Google has revealed that it prevented fraudulent transactions totaling $2 billion in Google Play in 2022. The transactions involved compromised payment methods, compensation demands for in-game purchases, and fake gift cards. To prevent scammers from taking advantage of the platform, Google employs Voided Purchases API and Obfuscated Account ID tools. Voided Purchases API provides a list of purchases made by each user in the application, preventing access to these elements after purchase. Obfuscated Account ID is utilized to detect fraudulent transactions, such as purchases made by devices in the same account within a short period.

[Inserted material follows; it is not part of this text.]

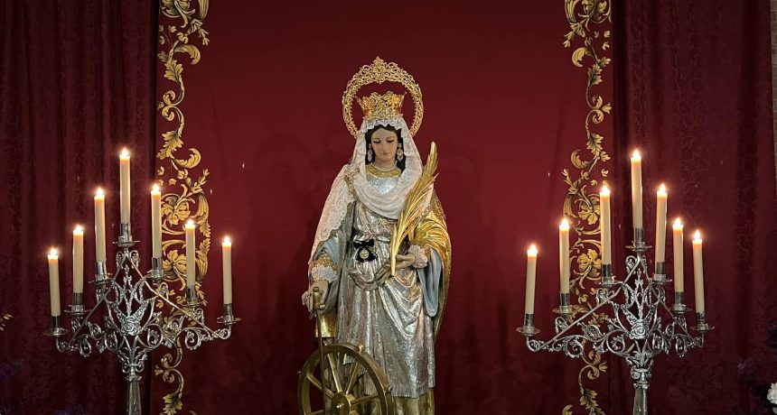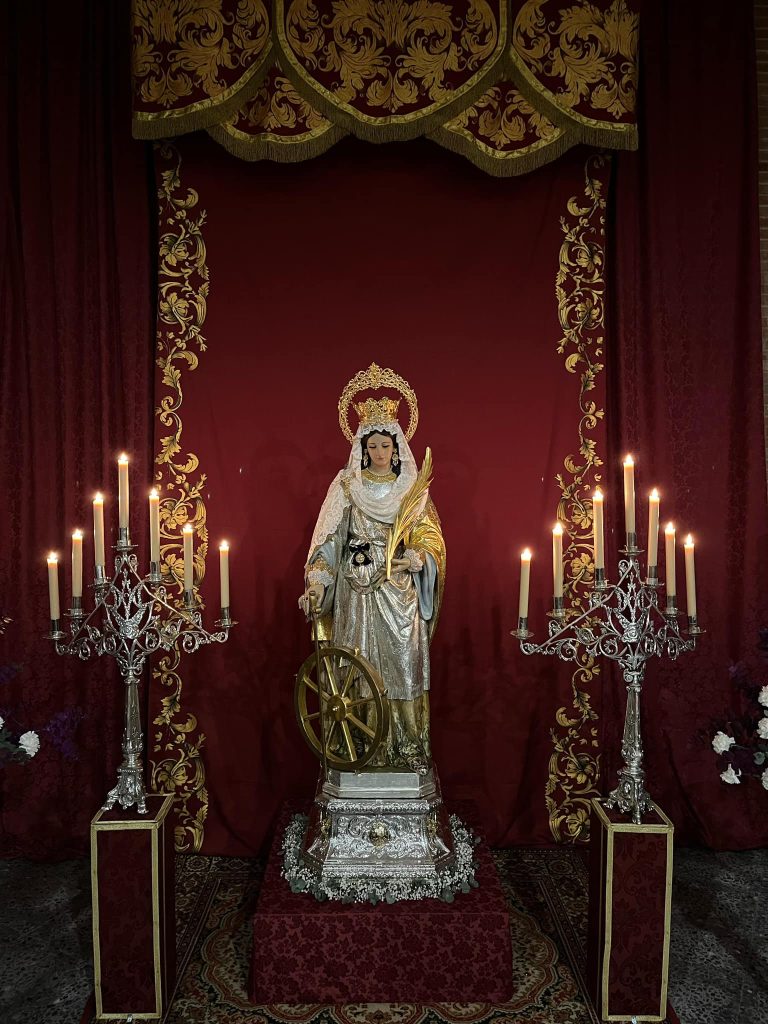 La imagen de Santa Catalina ha sido retirada del culto para proceder a su restauración. La Cofradía ha celebrado una Eucaristía de despedida en la Parroquia de la Inmaculada y San Pedro Pascual antes de su marcha a tierras sevillanas donde permanecerá hasta el próximo mes de septiembre.

To further minimize incidences of fraud, Google has released PURCHASE.PRODUCT.CONSUME, a tool meant for developers to use in their applications through the Play Developer API. The tool reduces the risk of abuse on the client side by transferring business logic to the server’s secure components. Transactions where there is an attempt to interfere with client work will cause an automatic return of the purchase in three days upon failure to confirm the transaction.
Google’s efforts come after the Mozilla Foundation accused 80% of Google Play Store apps of incorrect labeling in their descriptions of data safety. The label “Safety of Data” categorized applications like TikTok and Twitter as not transmitting personal data to external parties. However, in the privacy policies of these applications, it is clear that they share user information with advertisers, internet providers, platforms, and other types of companies. It is worth noting that the social network, TikTok is banned in Russia.